WORK REQUEST: Transcribe the listing underneath, keeping each word exact and omitting the images.

GIVEN DATA:
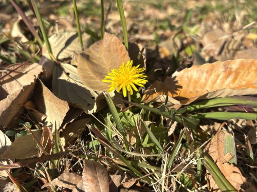 森の会議からの帰り、公園も冬の景色だなぁ~と落ち葉に目をやると、落ち葉の中にタンポポの花が。割と暖かい日が続いていたから狂い咲いたのでしょうか?本格的な冬の到来前にタンポポに出会い、来年の春が待ち遠しくなってしまったのでした。
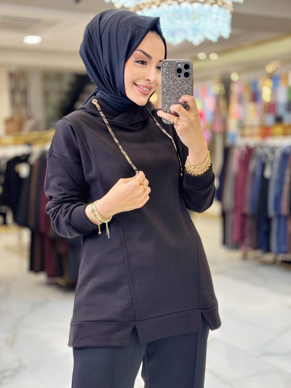 2135 Arkası Desenli Yıldızlı Kapşonlu Tunik Siyah
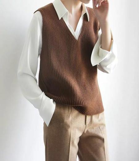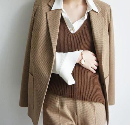 最近正流行的针织背心,V领棕色显得沉稳又文气,里面搭配白色衬衣,既适合秋天保暖,又干净利落。既符合职场穿搭,又文艺温暖,即便是最简单的白色衬衣,也能穿搭得十分好看。
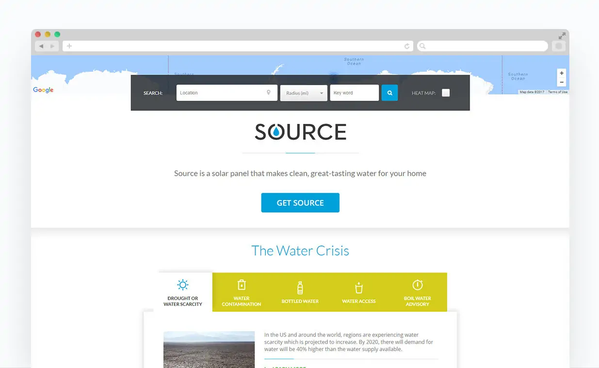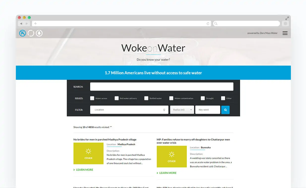 Water scarcity is a huge and ever increasing problem facing the United States and the world. The WokeonWater.org website was created to document water issues such as scarcity, contamination and access. Net-Craft created a website that allows users to search for water problems based on location and water issue.

ANSWER FOR THIS EXERCISE:
 森の会議からの帰り、公園も冬の景色だなぁ~と落ち葉に目をやると、落ち葉の中にタンポポの花が。割と暖かい日が続いていたから狂い咲いたのでしょうか?本格的な冬の到来前にタンポポに出会い、来年の春が待ち遠しくなってしまったのでした。
 2135 Arkası Desenli Yıldızlı Kapşonlu Tunik Siyah
 最近正流行的针织背心,V领棕色显得沉稳又文气,里面搭配白色衬衣,既适合秋天保暖,又干净利落。既符合职场穿搭,又文艺温暖,即便是最简单的白色衬衣,也能穿搭得十分好看。
 Water scarcity is a huge and ever increasing problem facing the United States and the world. The WokeonWater.org website was created to document water issues such as scarcity, contamination and access. Net-Craft created a website that allows users to search for water problems based on location and water issue.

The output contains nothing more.